Full Version: facebook friends crawler
You're currently viewing a stripped down version of our content. View the full version with proper formatting.
Pages: 1 2
hey guys,

so recently i started getting into python again and i was thinking about taking on a bigger challenge: a facebook friends list crawler.
i've done a crawler before using 'requests' and 'beautifulsoup' modules and it was kind of ok but nothing special (you can find it in my previous posts).
i've reused some of the code just to get me started but i've gotten to a sticking point.

first i looked around someone's fb main page just to see how it would look like and the home page looks pretty straight forward:
facebook.com/[id] (where id is person's facebook id; most of them start with 1000...)

then i went over to 'friends' section and i noticed it has the following format:
facebook.com/friends = [your id] & [some id you find in person's homepage source code] & [some id i'm assuming fb sends back to create a session] = friends
this is obviously grossly over simplified but it's just to get an idea.

i also noticed that the session id (the whole link) stays consistent throughout the entire session. meaning, if i go on a friend's page and go to 'friends' and generate the session link; then if i open a new tab and copy/paste the session link, it takes me to the same page.
if i close all tabs and paste the link later it shows a blank page.
and out of those 3 nrs, the first 2 stay constant for 1 friend and the 3rd fb session id nr changes every time.

so i took the link and kept the session open just to be able to access it with requests and bs4 and here is where i'm stuck right now:
every friend's name appears under a html tag <div> with another tag inside called <class="fsl fwb fcb">. then you have an <a> tag with href="friend's fb homepage" and then a <data-gt> where you have the fb id, which is what we're after in our crawler.
problem is that when python makes the request it looks like it's an anonymous request and it only takes you to the person's homepage and it says "log into fb to continue".
i found this out by printing the requests.get() of the webpage because i kept getting nothing when i was doing print('data-gt').

so my question is: you guys have any idea how to make a request from python that is not anonymous? meaning i log in using my id. as if i were browsing from my homepage.
if you want i can post the source code there's next to nothing in there at the moment.

thanks
after scrapping facebook with their API VS selenium.

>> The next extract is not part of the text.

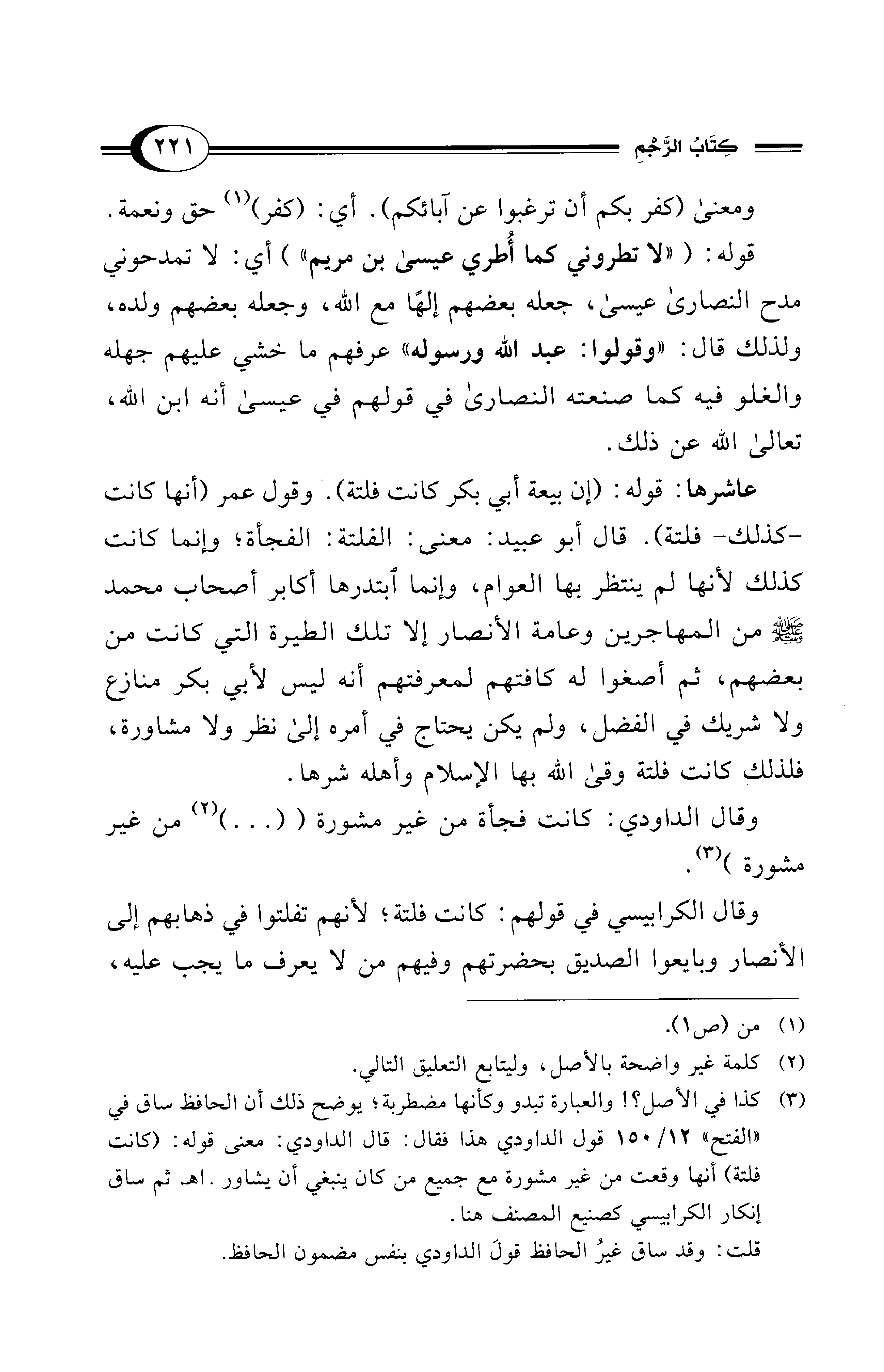 (¬3) كذا في الأصل؟! والعبارة تبدو وكأنها مضطربة؛ يوضح ذلك أن الحافظ ساق في "الفتح" 12/ 150 قول الداودي هذا فقال: قال الداودي: معنى قوله: (كانت فلتة) أنها وقعت من غير مشورة مع جميع من كان ينبغي أن يشاور. اهـ. ثم ساق إنكار الكرابيسي كصنيع المصنف هنا.

I much more prefer selenium as i am not so restricted. You will be OK as long as you imitate human delays. You might trigger a captcha if you do it a lot, but if you are not processing multiple accounts automatically, then you would most likely be there at the PC to pass the captcha and let the program move on afterwords.
hey, thanks a lot.

i played a bit with webdriver and chromedriver and all i can say is: 'facebook api what?'. :)))
i setup a fb acc. and made my way to a user's home page but i keep getting stuck at pressing the friends button.
i use the 
chrome.find_element_by_css_selector
function but apparently the value for the 'friends' button differs from one account to another and even from one browser to another so i have to keep running into errors and place the right code into the script.
hopefully i can make the crawler retrieve the css value on its own so i don't have to baby sit it all the time. :D

and by the way, is there any way of doing this faster? like not having to load a chrome page and just make the code do the actions in the background? (but not just run the browser in the background, but not run it at all and make python do the connection itself)

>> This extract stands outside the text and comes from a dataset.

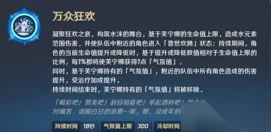 芙宁娜的大招是她的核心技能之一,可以提供辅助效果。当芙宁娜释放大招时,会先造成一定程度的水属性伤害,接着根据全队角色的生命值上升或下降的幅度来计算气氛值。每变化1%,芙宁娜就会获得1点气氛值。当芙宁娜获得100点气氛值时,可以提升全队角色25%的伤害和10%的受治疗加成。对于0命芙宁娜而言,气氛值上限为300点。因此,要最大化0命芙宁娜的加伤效果,需要将她绑定在群奶上。 当气氛值达到100时,屏幕下方会出现3名观众;达到200时,观众人数将增加到7人;若气氛值达到300,则会吸引更多的观众。当屏幕出现水纹震动时,说明气氛值已经达到最高峰。

and also, is there any way of using just regular chrome instead of the chromedriver client? it makes it a bit of a pain to keep having to choose notification settings and password settings and all that stuff.
Quote: apparently the value for the 'friends' button differs from one account to another
If i go to my account and inspect the friends button on multiple accounts the link is always with the class name of _6-6. Also are you adding a delay? You need to make sure the you finished logging in before trying to click a button on the following page.

To use it headless you would use PhantomJS instead of Chrome or Firefox. Its just that though, headless, it is still loading the page and takes about the same time. This is required though for javascript as python cannot really get around that. And facebook has plenty of that.

You can use straight python to connect, but you are going to run into a lot of hindrances. They purposely have anti-bot measures, and obfuscate their code to stop you from doing this, and not to mention the big one...javascript.
hmm, you're right. the html tag has a <class="_6-6"> tag that stays consistent throughout.
i'll try and use the html tag instead of the css and see what happens.

say, can i at least make chromedriver save cookies, so it doesn't have to login and press 'block notifications' every time?
i was writing a script to show how you could select friends button...but it also gets rid of notifications as well. This is more geared towards chrome, not phantomjs.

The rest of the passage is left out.